▸ **TASK STATEMENT**: Leave out the pictures and repeat every record exactly.

▸ **DATA FOR ANALYSIS**:
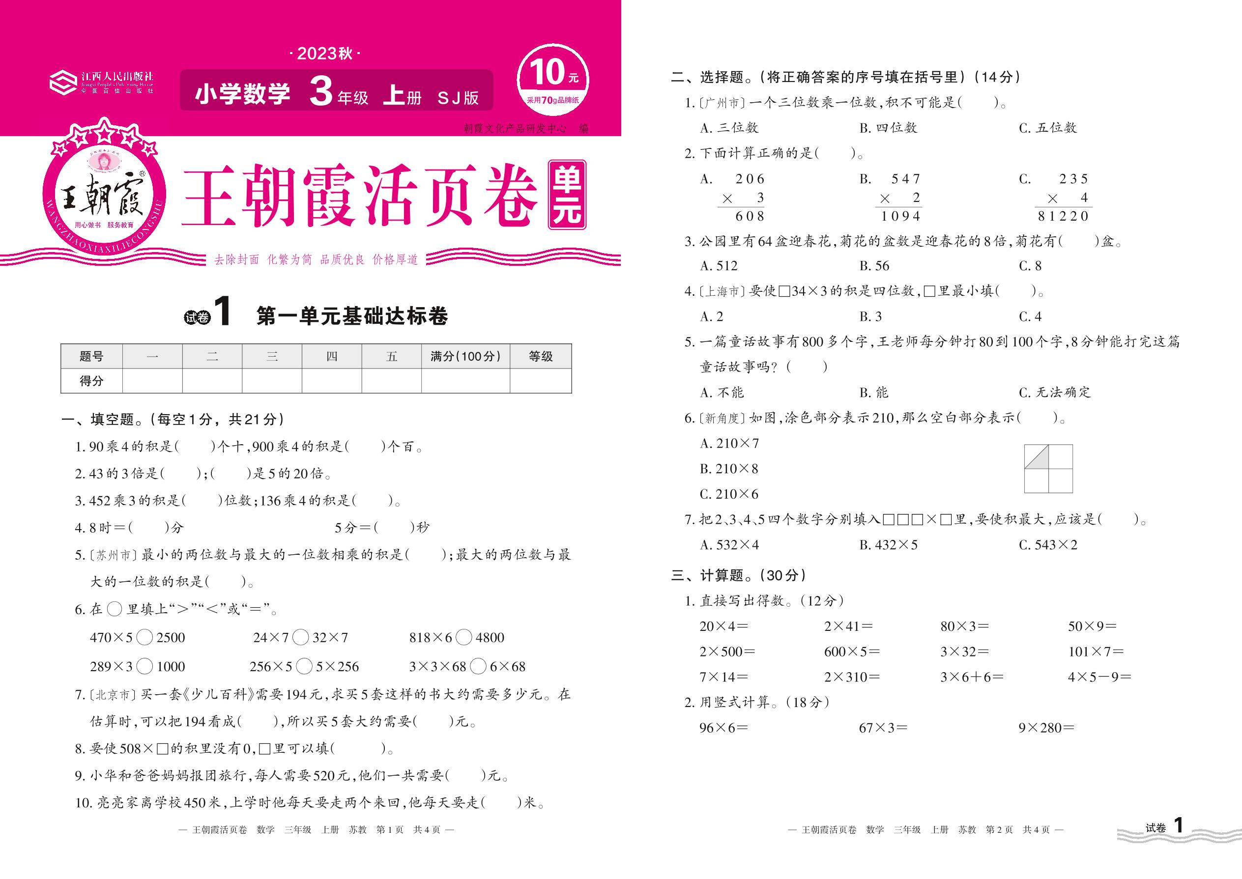 2023上册三年级数学苏教版 试卷1 第一单元基础达标卷
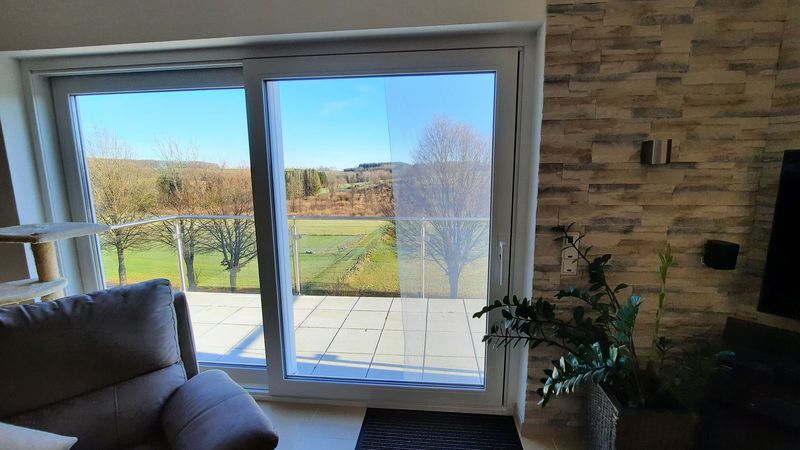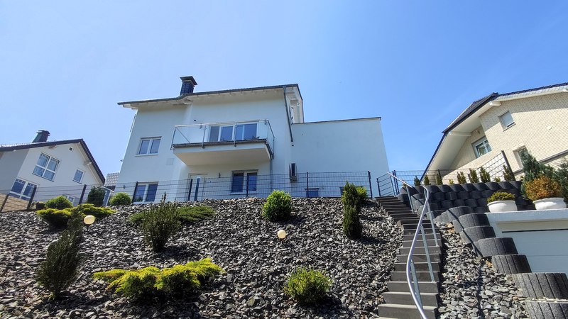 Dieses geräumige Haus bietet im Erdgeschoss eine großzügige Küche mit viel Platz zum Kochen und Essen sowie einen breiten Flur, der zu einem komfortablen Badezimmer und einem gemütlichen Wohn- und Essbereich führt. Am Wohnzimmer ist ein Balkon mit Schiebeanlage und Sicht in die unverbaubare Landschaft. Oberhalb vom Esszimmer befindet sich ein weiterer Balkon. Die Balkone haben Edelstahlgeländer mit Sicherheitsglas. Von der Küche ebenso wie vom Esszimmer gelangt man auf die überdachte Terrasse, welche eine idyllische Aussicht auf die Umgebung bietet und zum Grillen einlädt.
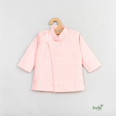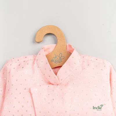 Peach Silk Metallic Tissue Kurta With Dhoti
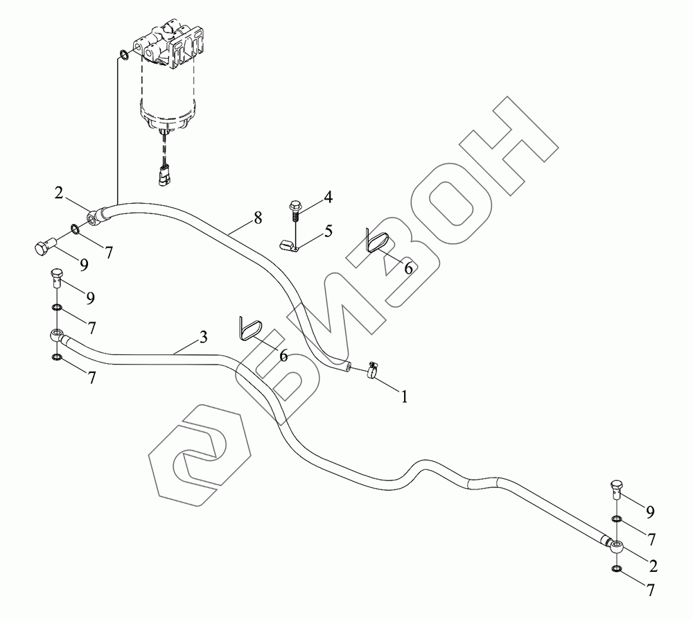 Графический каталог запасных частей к технике: LOVOL TR1SA1504-005K. Топливопроводы
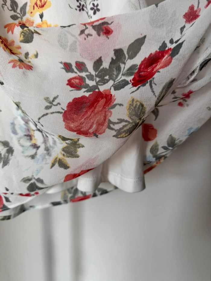 Robe fleurie blanche et rouge S Zara - photo numéro 4
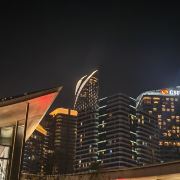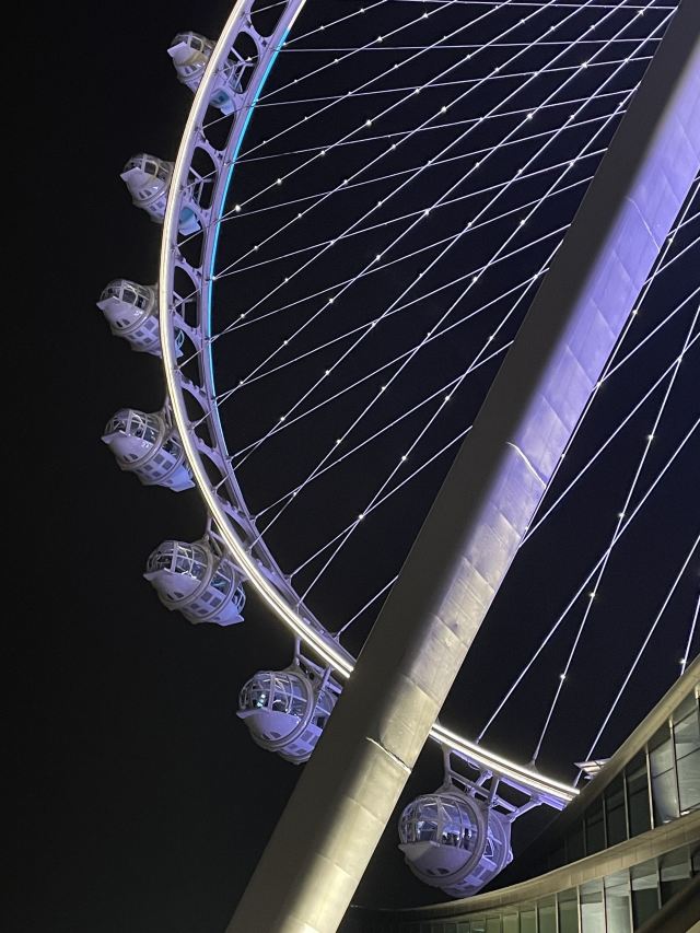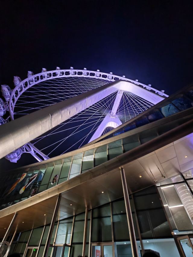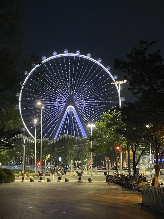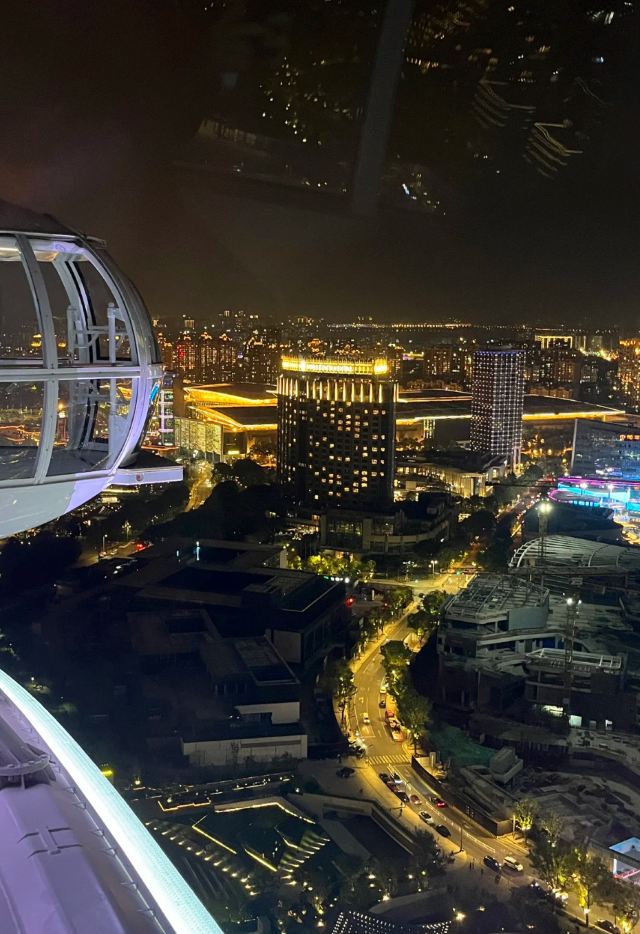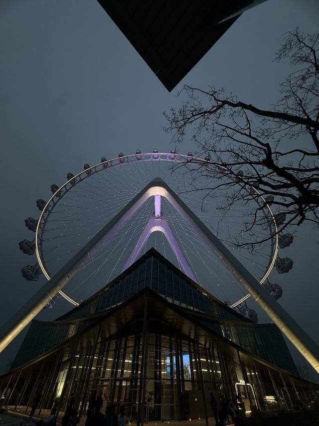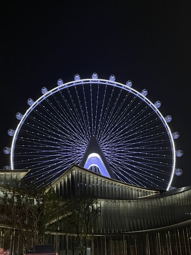 等到摩天轮慢慢下降,天已经完全黑透了。座舱里的暖光和外面的城市灯火交叠,远处的桥梁、游船、高楼的轮廓都浸在温柔的夜里。下舱时回头看,苏州之眼亮着五彩的光,在夜空中慢慢转动,像在给这座城市的傍晚画一个温柔的句号。原来浪漫从不是刻意寻找,是刚好赶上的晚霞,是高空里的一阵风,是和这座城市一起,慢慢等一场夜色降临。
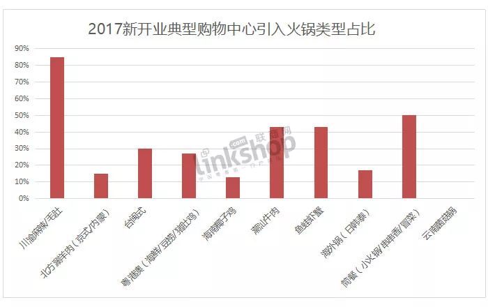 近年我国火锅的种类日趋多样化,对餐饮物业的需求旺盛,加之火锅对物业的油烟排污较其他类型餐厅简单,故大型购物中心引入了越来越多的火锅餐厅。据联商网研究中心统计,今年新开业的知名连锁集团旗下60家代表性的大型购物中心(商业面积8万平方米以上)平均引入了4家火锅。
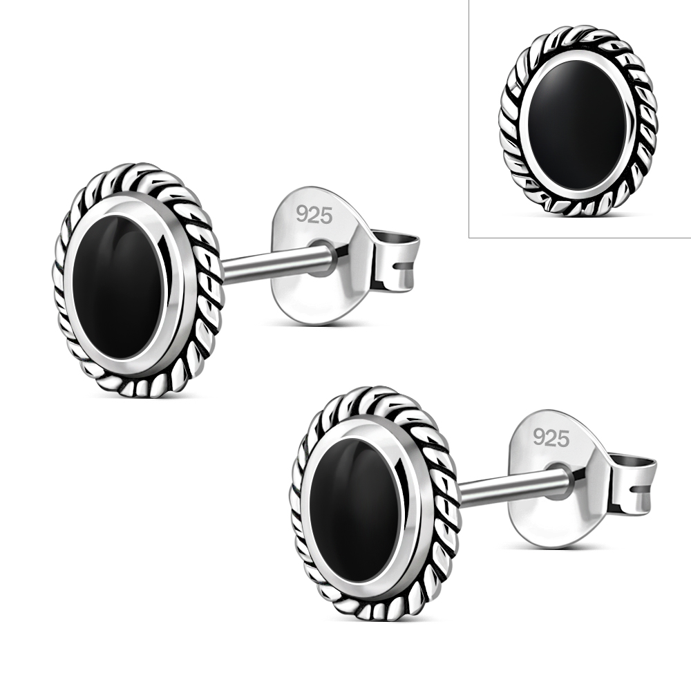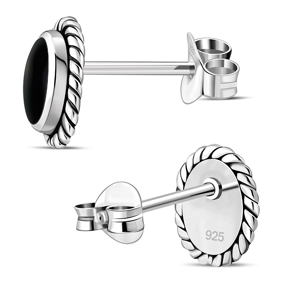 Oval Black Onyx Stud Silver Earrings
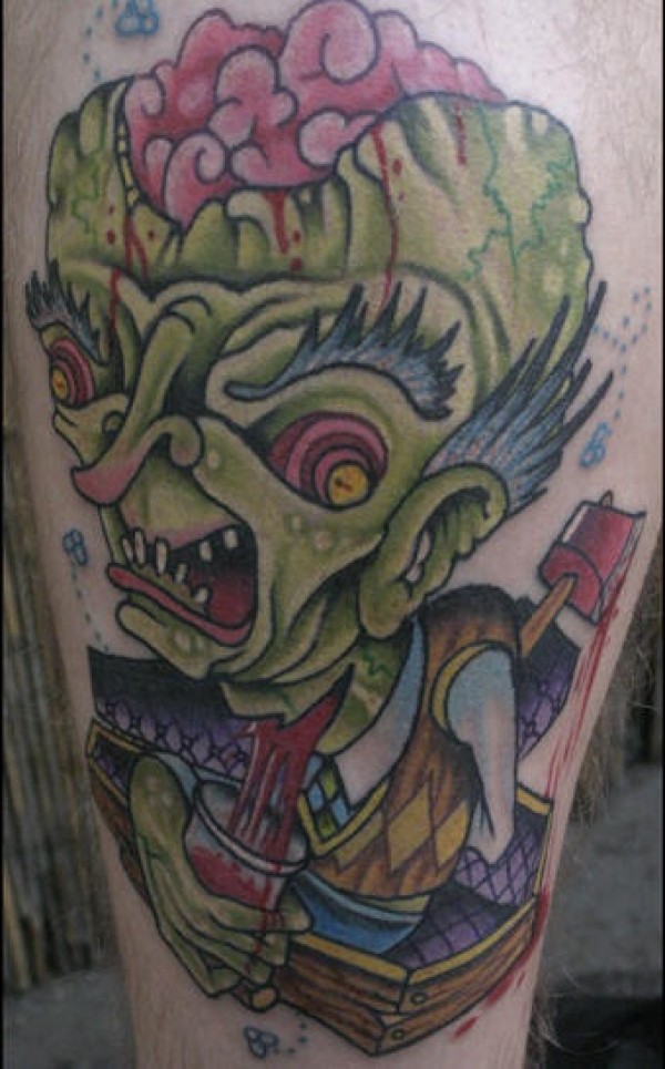 腿部彩色僵尸纹身图案
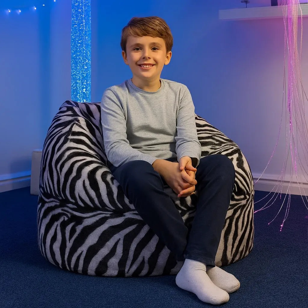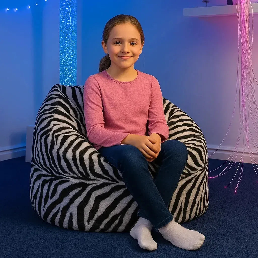 Zebra Print Slouch Bag – Cosy, Wild-Inspired Bean Bag for Kids’ Bedrooms and Playrooms
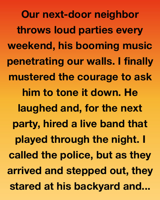 Our next-door neighbor throws loud parties every weekend, his booming music penetrating our walls. I finally mustered the courage to ask him to tone it down. He laughed and, for the next party, hired a live band that played through the night. I called the police, but as they arrived and stepped out, they stared at his backyard and saw the crowd was much larger than expected.
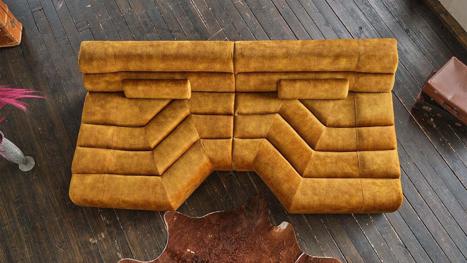 Tiefe Nähte in der Sitz- und Rückenfläche verleihen dem Big Sofa eine schlauchartige und sportliche Optik. Der Bezug aus hochwertigem Velvet Vintage betont die sportliche Eleganz des Sofas.
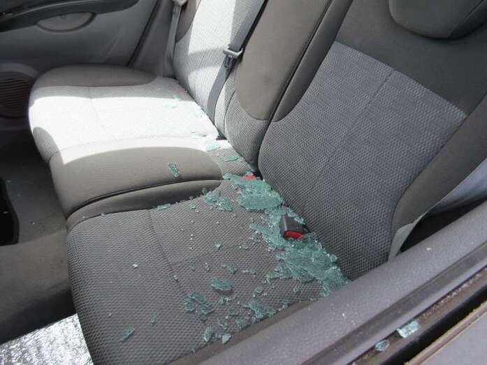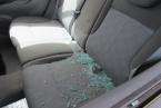Estado en el que ha quedado uno de los cristales del coche robado (Foto TA) Estado en el que ha quedado uno de los cristales del coche robado (Foto TA)

▸ **EXERCISE OUTPUT**:
 2023上册三年级数学苏教版 试卷1 第一单元基础达标卷
 Dieses geräumige Haus bietet im Erdgeschoss eine großzügige Küche mit viel Platz zum Kochen und Essen sowie einen breiten Flur, der zu einem komfortablen Badezimmer und einem gemütlichen Wohn- und Essbereich führt. Am Wohnzimmer ist ein Balkon mit Schiebeanlage und Sicht in die unverbaubare Landschaft. Oberhalb vom Esszimmer befindet sich ein weiterer Balkon. Die Balkone haben Edelstahlgeländer mit Sicherheitsglas. Von der Küche ebenso wie vom Esszimmer gelangt man auf die überdachte Terrasse, welche eine idyllische Aussicht auf die Umgebung bietet und zum Grillen einlädt.
 Peach Silk Metallic Tissue Kurta With Dhoti
 Графический каталог запасных частей к технике: LOVOL TR1SA1504-005K. Топливопроводы
 Robe fleurie blanche et rouge S Zara - photo numéro 4
 等到摩天轮慢慢下降,天已经完全黑透了。座舱里的暖光和外面的城市灯火交叠,远处的桥梁、游船、高楼的轮廓都浸在温柔的夜里。下舱时回头看,苏州之眼亮着五彩的光,在夜空中慢慢转动,像在给这座城市的傍晚画一个温柔的句号。原来浪漫从不是刻意寻找,是刚好赶上的晚霞,是高空里的一阵风,是和这座城市一起,慢慢等一场夜色降临。
 近年我国火锅的种类日趋多样化,对餐饮物业的需求旺盛,加之火锅对物业的油烟排污较其他类型餐厅简单,故大型购物中心引入了越来越多的火锅餐厅。据联商网研究中心统计,今年新开业的知名连锁集团旗下60家代表性的大型购物中心(商业面积8万平方米以上)平均引入了4家火锅。
 Oval Black Onyx Stud Silver Earrings
 腿部彩色僵尸纹身图案
 Zebra Print Slouch Bag – Cosy, Wild-Inspired Bean Bag for Kids’ Bedrooms and Playrooms
 Our next-door neighbor throws loud parties every weekend, his booming music penetrating our walls. I finally mustered the courage to ask him to tone it down. He laughed and, for the next party, hired a live band that played through the night. I called the police, but as they arrived and stepped out, they stared at his backyard and saw the crowd was much larger than expected.
 Tiefe Nähte in der Sitz- und Rückenfläche verleihen dem Big Sofa eine schlauchartige und sportliche Optik. Der Bezug aus hochwertigem Velvet Vintage betont die sportliche Eleganz des Sofas.
Estado en el que ha quedado uno de los cristales del coche robado (Foto TA) Estado en el que ha quedado uno de los cristales del coche robado (Foto TA)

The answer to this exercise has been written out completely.